Temat: Zazdroszcze kolezance ze ma lepsze zycie

Znalazla sobie faceta ktory splacil jej dlugi (ponad 50tys) dba o nia jak o ksiezniczke, nawet mogla z pracy zrezygnowac i isc na studia. Teraz robi prawko i facet obiecal jej kupic auto owszem uzywane. Moze wybrac jakies do 30tys zl. No szlag mnie trafia bo ja nawet malucha nie mam i musze  odwozic swoje dzieci tramwajem do szkoly i zlobka  a maz jezdzi passatem ktory sie rozwala i co rusz trzeba ladowac kase w naprawe. A ja coz z dwojka dzieci, moj facet popija, i z kredytem na 15lat. Po ludzku jej zazdroszcze.

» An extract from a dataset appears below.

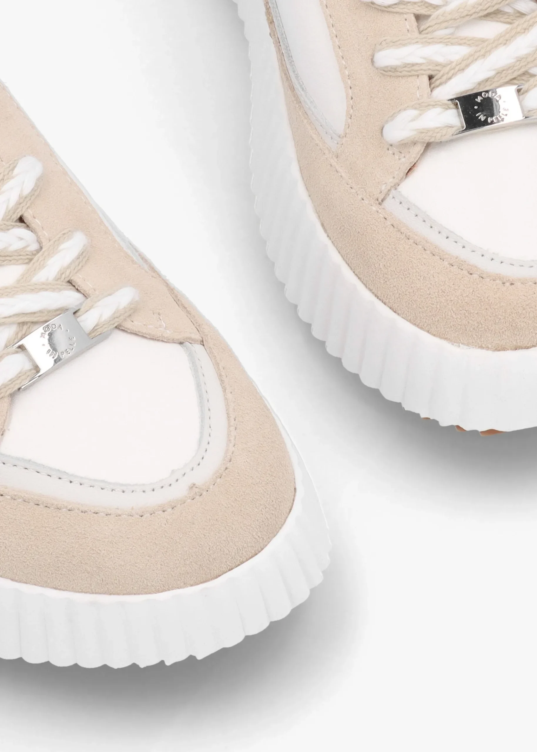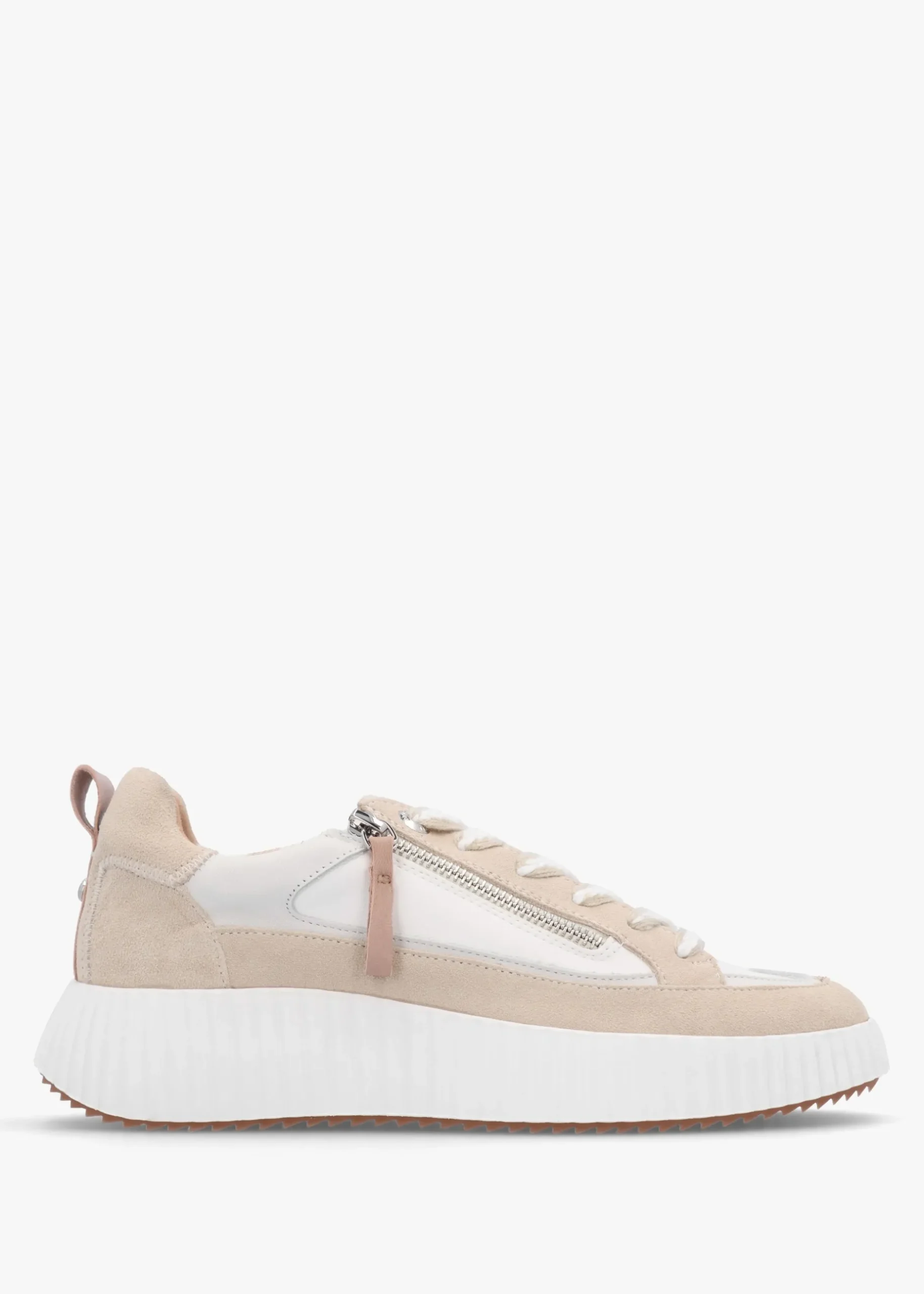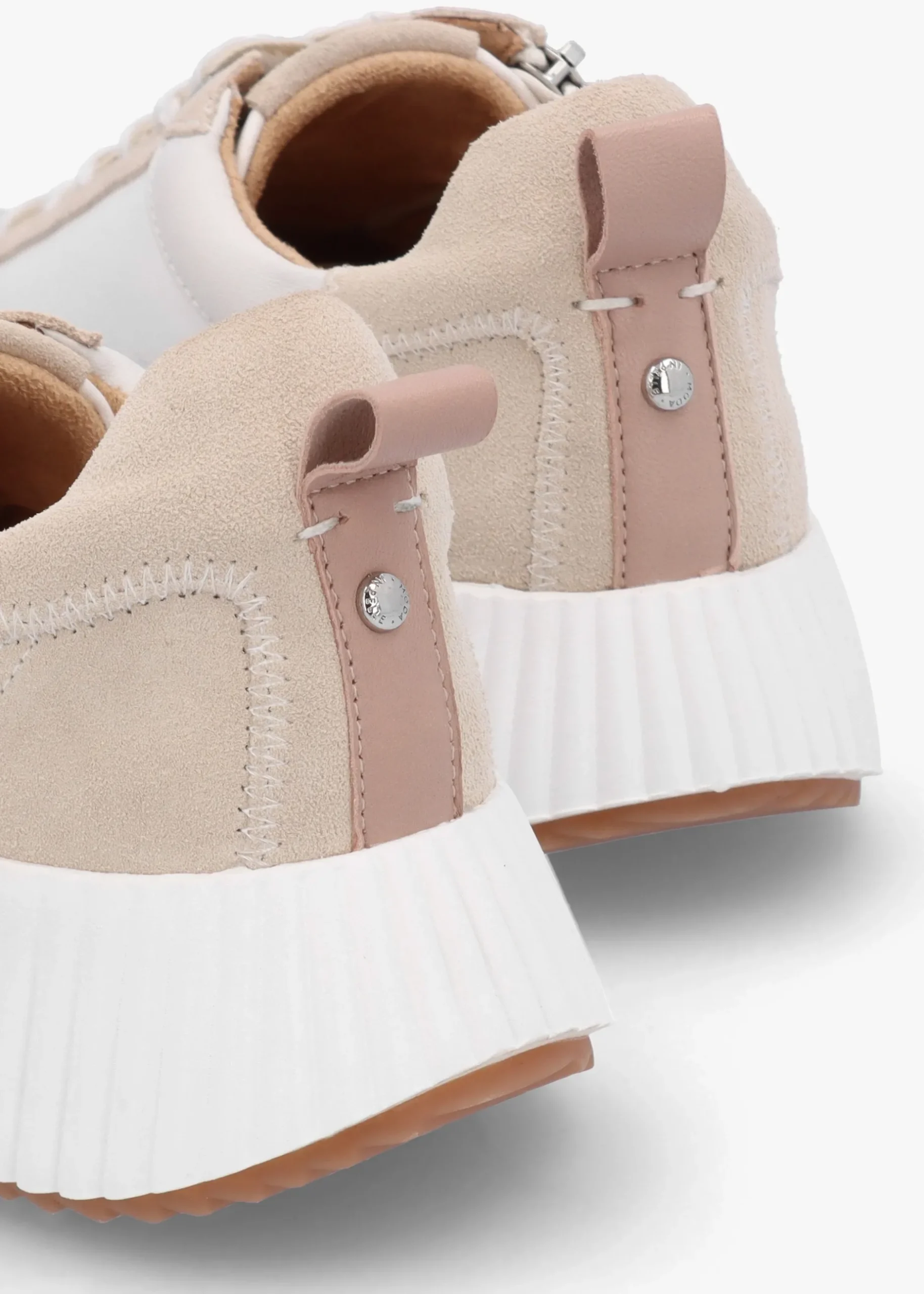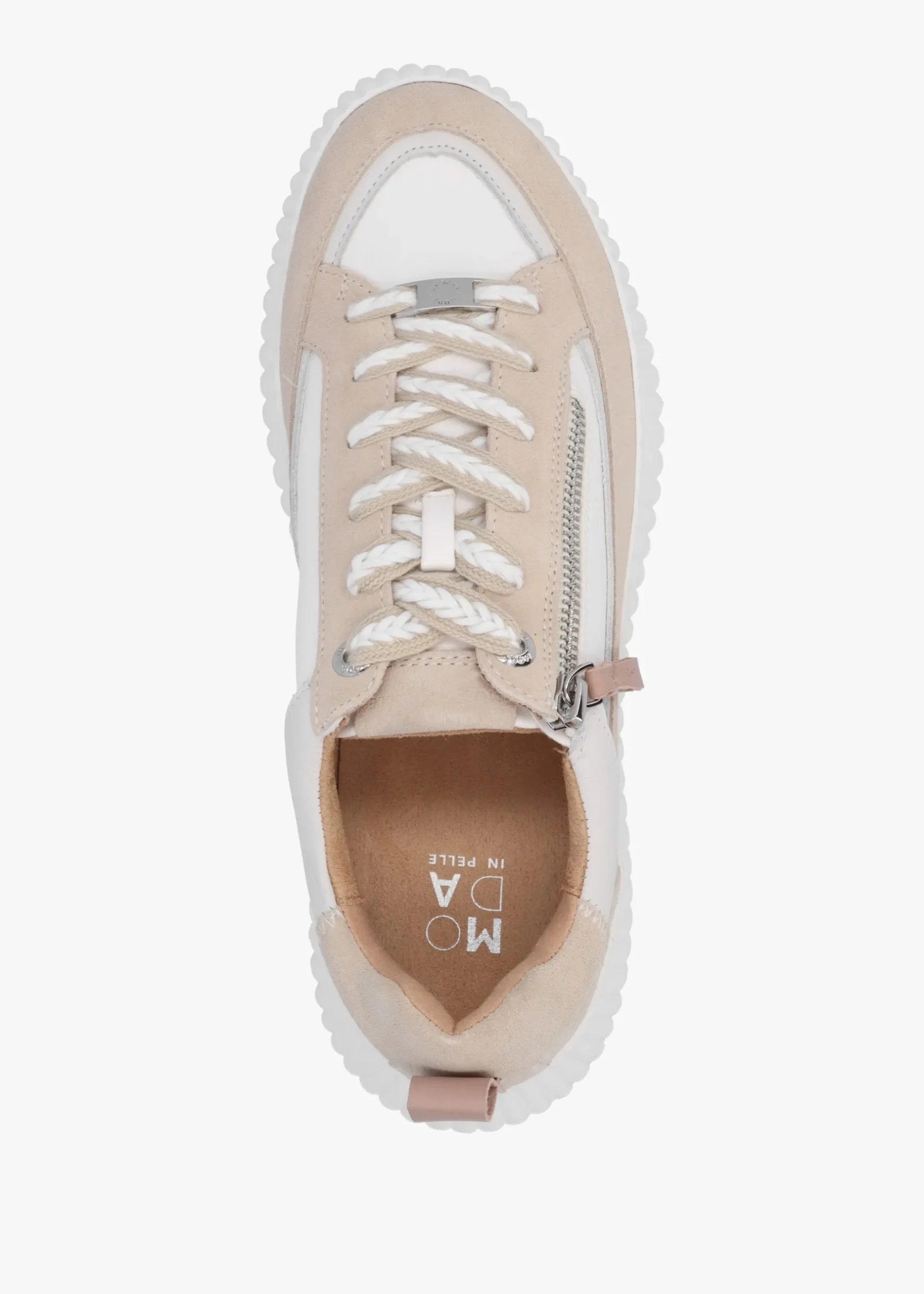 Add the chunky ‘Bouville’ trainers from Moda In Pelle to your off-duty wardrobe. This must have sporty style is crafted from a premium leather upper with contrasting suede inserts, textile lining and a ribbed rubber sole. The classic lace up upper ensures the perfect fit and the side zip creates an easy wear. Pull tab adds detail to the ankle as well as branded stud. Signature Moda In Pelle branding is seen throughout.

Nie nienawidze jej za to ale wstyd mi bo teraz przy niej wygladam.jak kopciuch. Ona super makijaz i ciuchy a ja nawet na fryzjera ostatnio nie mam. Odmowilam wiec spotkania na ktore mnie zapraszala. Ech..zycie nie jest sprawiedliwe. Gdzie swoja droga znalezc takiego faceta;)? Wiecie?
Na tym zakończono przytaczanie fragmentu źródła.